Pero no se merecía entrar en la red de las amazonas. El Paraíso la había expulsado y ahora el Infierno la rechazaba.
Al llegar abajo se volvió por última vez para ver a Cloe, que seguía en la cúspide de la pirámide. Maj no sabía adónde ir. Se adentró en una calle ancha cubierta de tierra y de escombros, de la que brotaban troncos de grandes árboles que proyectaban sus sombras sobre los edificios de cristal de alrededor. Pasó al lado de un grupo de monos que gritaban y saltaban, luego dobló en una calle más pequeña, que resultó ser un callejón sin salida. Entró en la galería de un edificio. Había muchos escaparates rotos y en el suelo todavía se veía el dibujo de los mármoles de colores. Había mucha gente acampada, tumbada en el suelo sobre mantas mugrientas, ardía un fuego en un bidón.
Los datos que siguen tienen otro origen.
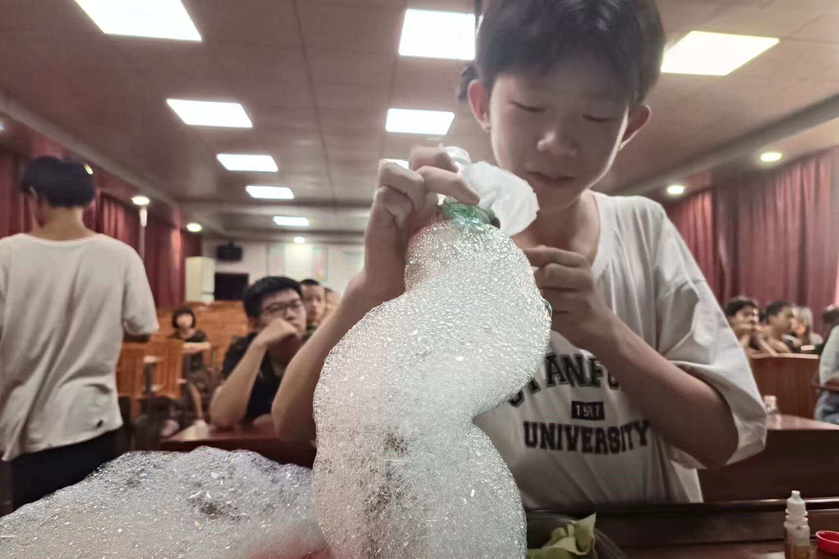 (通讯员 秦高阳)7月18日下午14时30分,为培养学生的实验能力,提升学生的实验素养,“青春正‘邵’,传承向阳”——伟德国际1949暑期社会实践团在新邵县严塘镇中学开展了趣味化学实验活动——彩虹泡泡龙实验。
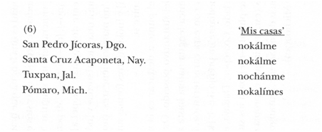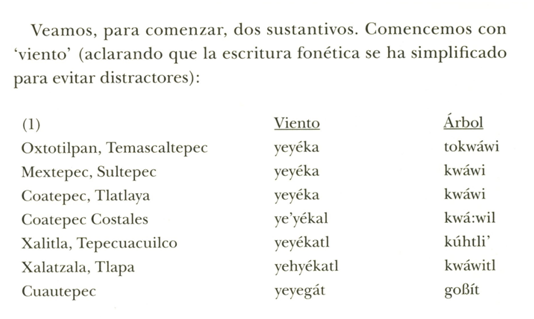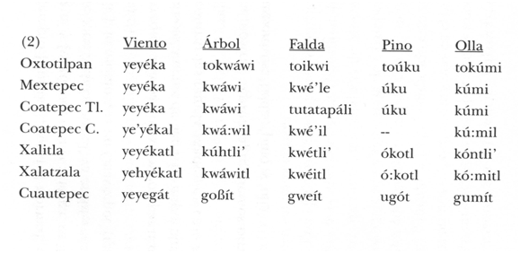 Ahora las regularidades se ven con más claridad y la homogeneidad de estas siete hablas se cuestiona de inmediato. Oxtotilpan, por ejemplo, presenta dominantemente un “to” que ninguna otra habla tiene. Todas las palabras de Oxtotilpan, Mextepec y Coatepec Tlatlaya, las tres del estado de México, terminan con vocal: [yeyéka], [kwáwi], [kwé’le], [úku] y [kúmi], a diferencia de las palabras de Ias comunidades de Guerrero que todas terminan en consonante. Todas las de Coatepec Costales, fuera de otros detalles, terminan con [1]: [ye’yékal], [kwá:wil], [kwé’il] y [kú:mii].
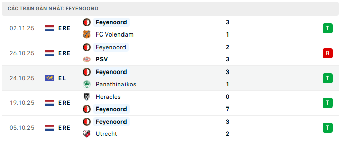 Feyenoord đang thể hiện phong độ cực kỳ ấn tượng ở cả đấu trường quốc nội lẫn châu Âu. Tại giải VĐQG Hà Lan, thầy trò HLV Arne Slot đang dẫn đầu bảng xếp hạng với 28 điểm sau 11 vòng đấu, giành 9 chiến thắng và thể hiện lối chơi tấn công áp đảo. Ở trận gần nhất, họ đánh bại FC Volendam với tỷ số 3-0, qua đó có chiến thắng thứ 4 trong 5 trận gần đây trên mọi đấu trường.
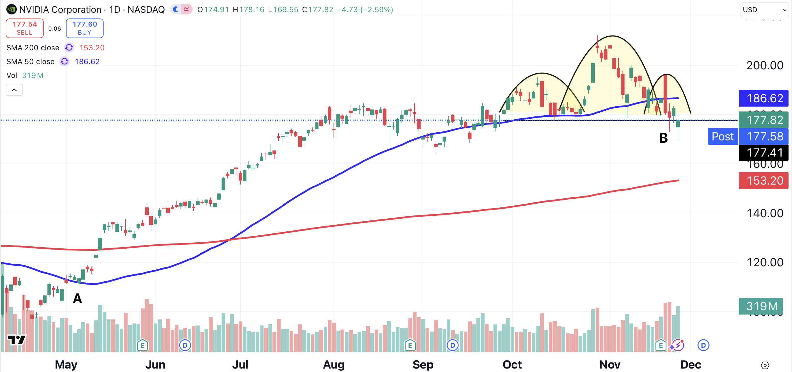 Nvidia has formed a head-and-shoulders pattern (shaded yellow). On Tuesday, the stock broke the neckline (point B) of that pattern at $177 (black horizontal line).
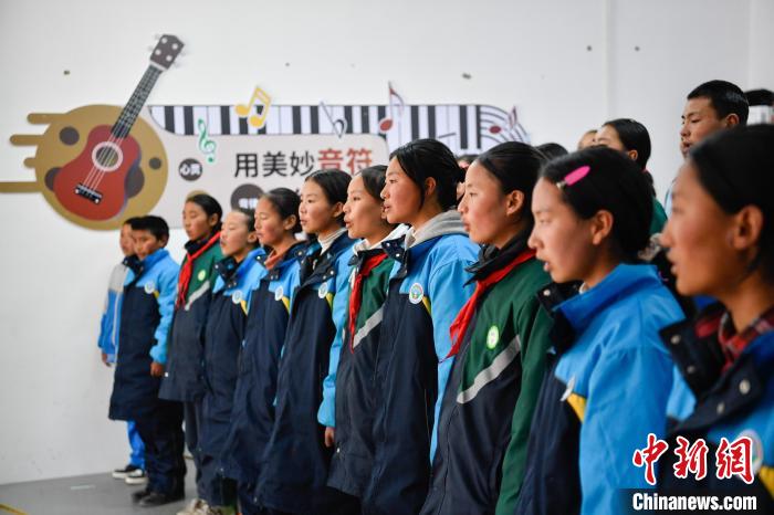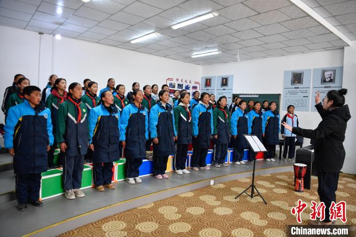 10月25日,在西藏自治區(qū)那曲市聶榮縣中學(xué),學(xué)生在老師的帶領(lǐng)下學(xué)習(xí)合唱。中新社記者 貢嘎來(lái)松 攝
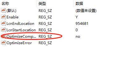 接着找到SOFTWARE-Microslft-Dfrg, BootOptinizeFunction,并找到OptimizeComplete,双击它。
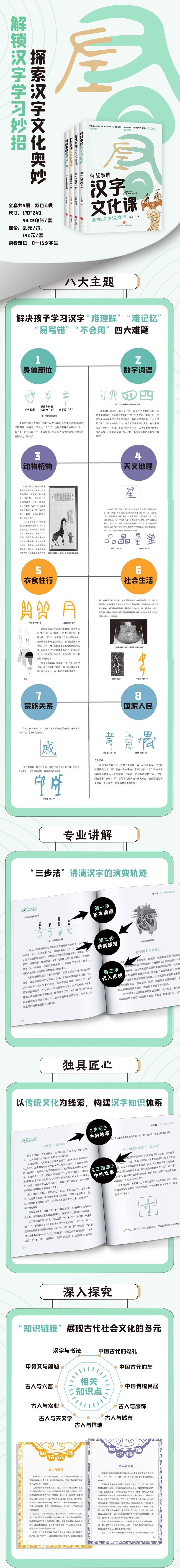 《有故事的汉字文化课》是著名学者、作家王弘治老师,专为中小学生讲读汉字文化的读本,包含4册60篇内容。本套书以汉字为源头串起博大精深的中国古代文化,涉及“身体部位”“动物植物”“天文地理”“衣食住行”“数字词语”“社会生活”“国家人民”“宗族关系”八大领域。内容以分析文字形体源流为主,穿插解读相关的历史文化背景、典故,带领孩子了解古代社会生活的点点滴滴。作者王弘治是名副其实的文字专家,用独具特色“归纳+串讲”的讲述方法,趣味剖析与小学语文紧密相关的汉字,通过串讲汉字背后的中国故事,深挖汉字之间的密切联系,做到触类旁通, 解决孩子学习汉字难理解、难记忆、易写错、不会用四大难题,对传承中华优秀传统文化起到了积极的引领作用。
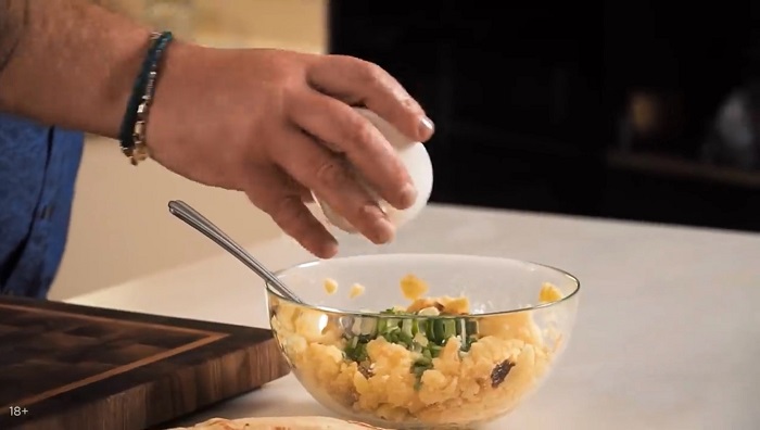 Предварительно запечённый картофель выкладываем в глубокую миску и начинаем толочь, добавляем соли, зелёного лука, перемешиваем. -
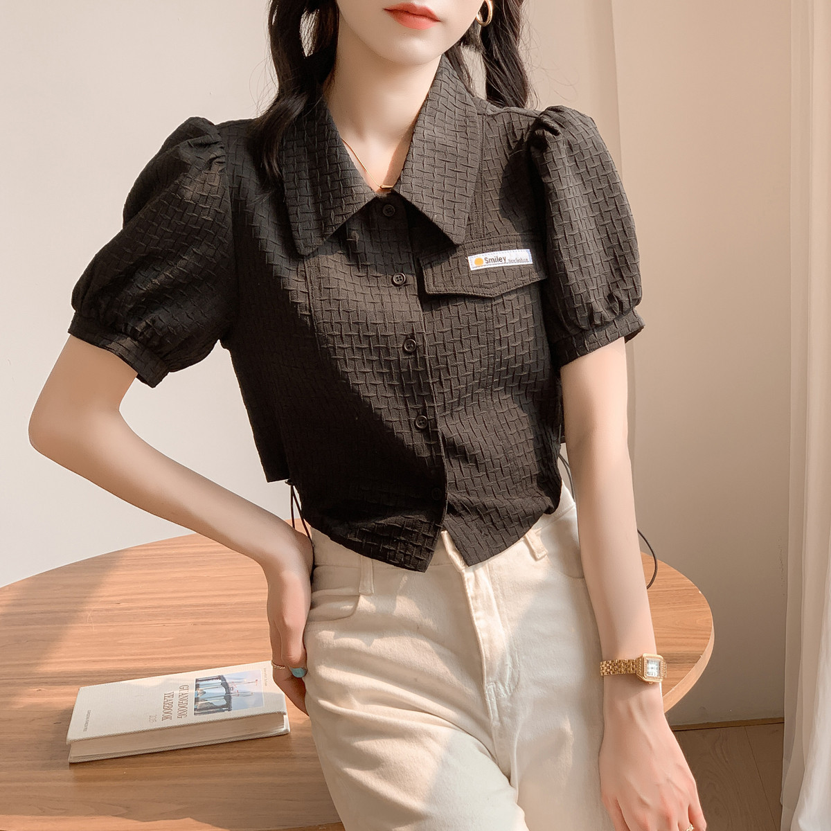 夏季时尚不规则抽绳翻领衬衣女设计感小众短袖褶皱泡泡袖短款衬衫 271320
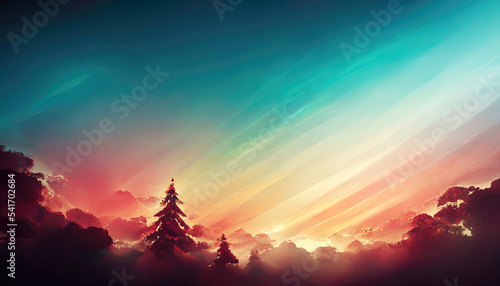 Magical winter landscape scene with colorful clouds and trees
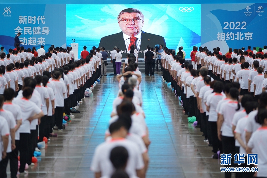 當(dāng)天的活動(dòng)現(xiàn)場,2022名機(jī)關(guān)干部、企業(yè)職工、社區(qū)居民表演了第九套廣播體操,展現(xiàn)了廣大北京市民喜迎冬奧會(huì)的熱切心情。
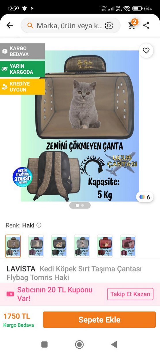 Lavista Flybag Tomris haki renkli kedi ve köpekler için sırt taşıma çantasıdır. Zemini çökmez, 5 kg kapasitelidir.pazarlık payı vardır
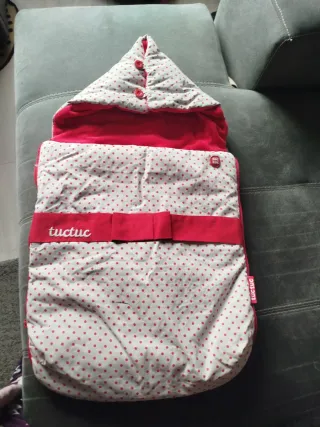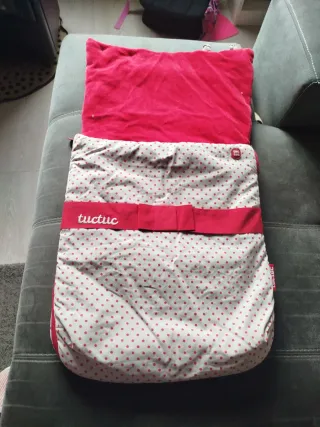 Saco para carrito de bebé de la marca Tuc Tuc. Presenta un diseño alegre con topos rosas sobre fondo claro y un detalle de lazo. - Color: Rojo y blanco. - Diseño: Estampado de topos. - Marca: Tuc Tuc.
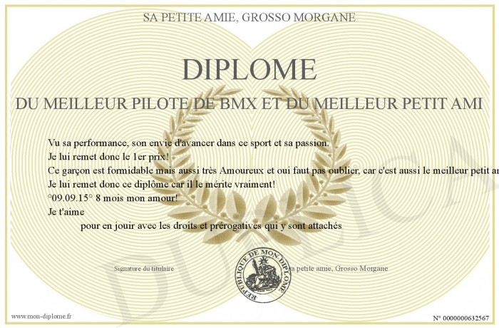 Envoyez par email votre Diplôme du meilleur pilote de BMX et du meilleur petit ami personalisé

Maj dejó de correr y se puso a andar. No le importaba el peligro, ya no sentía el miedo que la había acompañado hasta allí. Alguien le dijo algo, pero ella no oía nada. Avanzó hasta el final de la galería y salió a una pradera que terminaba unos cientos de metros más adelante, en las murallas de la ciudad.
En medio de la pradera yacía la chatarra de un hovercraft. Estaba casi completamente cubierto de tierra y plantas trepadoras, pero algún rincón de metal brillante reflejaba todavía la luz. Delante había una plataforma de cemento con cuatro largas mesas rodeadas de bancos. Se sentó y puso la caja con la ración de comida delante de ella.
Permaneció inmóvil, oyendo el silbido del viento en sus cabellos, los gritos y los lamentos que llegaban de lejos, desde el otro lado de las murallas, y el murmullo de la tierra, que parecía que se resquebrajaba y disgregaba a varios metros bajo sus pies.
—Eh.
Maj se volvió de golpe.
Cloe la miraba con una expresión triste, la sombra de una sonrisa en los labios.
—No es buen sitio para parar. —Se acercó y se sentó frente a ella. La observó en silencio durante un instante, luego dijo en voz baja—: ¿Por qué no me habías dicho que eres hija de un oligarca?
—Déjame sola.
—No. Tenemos que irnos de aquí.
—Soy hija de un oligarca. —Esas palabras se le quebraron en la garganta—. La red no me quiere, el Paraíso tampoco, y yo no quiero nada, no deberían haber venido aquí, a ti te han aceptado. ¿Por qué no te has quedado con ellas? ¿Por qué me has seguido?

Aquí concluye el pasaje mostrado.